> [Aim of the exercise]:
Working from the records below, return word for word the line that contains "Compass and Stripes" and each line after it, ending with the last. Skip all pictures.

> [Input]:
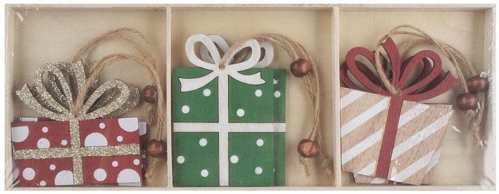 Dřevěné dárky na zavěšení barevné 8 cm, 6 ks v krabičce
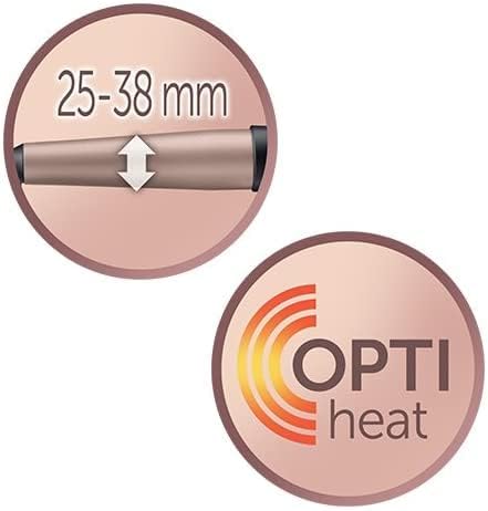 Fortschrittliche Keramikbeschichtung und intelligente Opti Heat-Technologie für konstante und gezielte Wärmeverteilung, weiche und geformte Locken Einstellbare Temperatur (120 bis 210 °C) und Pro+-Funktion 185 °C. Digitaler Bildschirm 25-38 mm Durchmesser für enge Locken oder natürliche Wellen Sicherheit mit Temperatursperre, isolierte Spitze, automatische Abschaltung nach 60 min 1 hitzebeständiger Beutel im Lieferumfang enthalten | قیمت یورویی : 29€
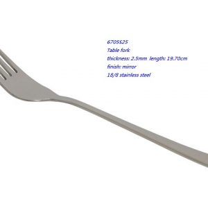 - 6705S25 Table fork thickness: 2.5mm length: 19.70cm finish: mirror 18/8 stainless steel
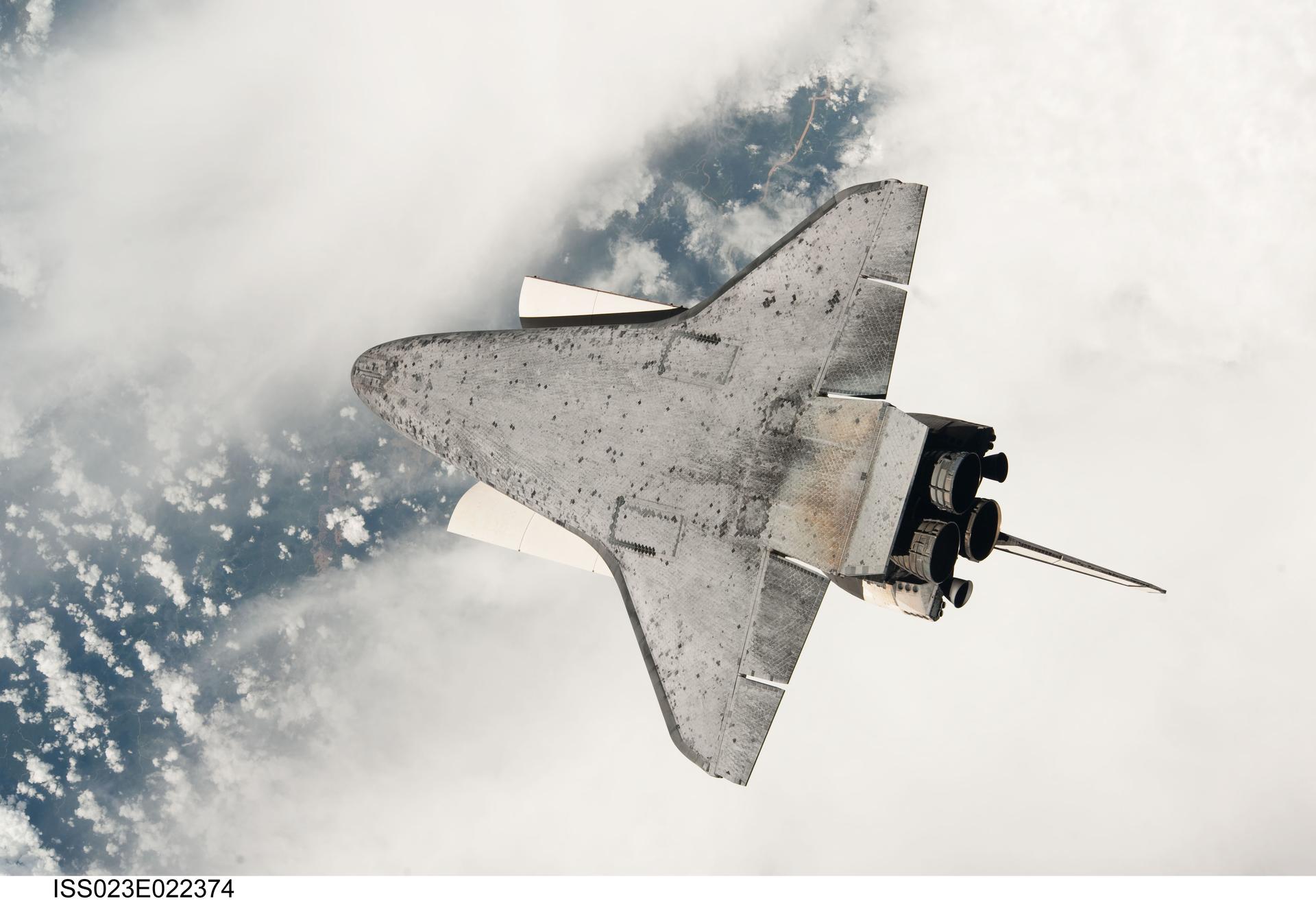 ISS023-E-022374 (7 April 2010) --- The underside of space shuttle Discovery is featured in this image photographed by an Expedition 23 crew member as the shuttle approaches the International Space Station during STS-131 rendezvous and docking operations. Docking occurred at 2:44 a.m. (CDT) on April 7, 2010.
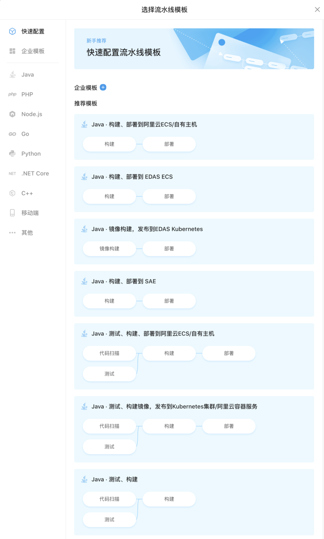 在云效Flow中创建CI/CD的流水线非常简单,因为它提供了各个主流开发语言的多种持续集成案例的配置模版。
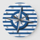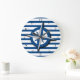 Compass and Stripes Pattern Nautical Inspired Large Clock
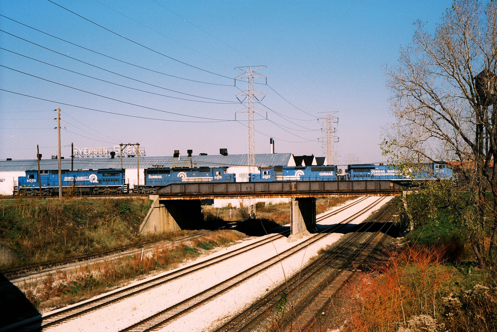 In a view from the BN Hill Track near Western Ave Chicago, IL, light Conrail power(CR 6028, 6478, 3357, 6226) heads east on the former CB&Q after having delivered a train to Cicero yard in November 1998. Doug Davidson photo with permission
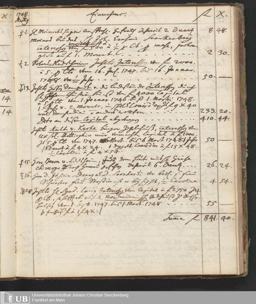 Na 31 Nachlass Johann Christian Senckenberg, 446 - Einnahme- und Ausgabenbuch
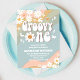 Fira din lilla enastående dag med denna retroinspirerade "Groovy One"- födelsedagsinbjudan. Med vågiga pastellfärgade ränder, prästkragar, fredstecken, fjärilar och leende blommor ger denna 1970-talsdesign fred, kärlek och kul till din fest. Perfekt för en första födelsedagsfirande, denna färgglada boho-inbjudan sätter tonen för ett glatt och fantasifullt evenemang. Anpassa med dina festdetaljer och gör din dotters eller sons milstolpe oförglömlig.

> [Output]:
 Compass and Stripes Pattern Nautical Inspired Large Clock
 In a view from the BN Hill Track near Western Ave Chicago, IL, light Conrail power(CR 6028, 6478, 3357, 6226) heads east on the former CB&Q after having delivered a train to Cicero yard in November 1998. Doug Davidson photo with permission
 Na 31 Nachlass Johann Christian Senckenberg, 446 - Einnahme- und Ausgabenbuch
 Fira din lilla enastående dag med denna retroinspirerade "Groovy One"- födelsedagsinbjudan. Med vågiga pastellfärgade ränder, prästkragar, fredstecken, fjärilar och leende blommor ger denna 1970-talsdesign fred, kärlek och kul till din fest. Perfekt för en första födelsedagsfirande, denna färgglada boho-inbjudan sätter tonen för ett glatt och fantasifullt evenemang. Anpassa med dina festdetaljer och gör din dotters eller sons milstolpe oförglömlig.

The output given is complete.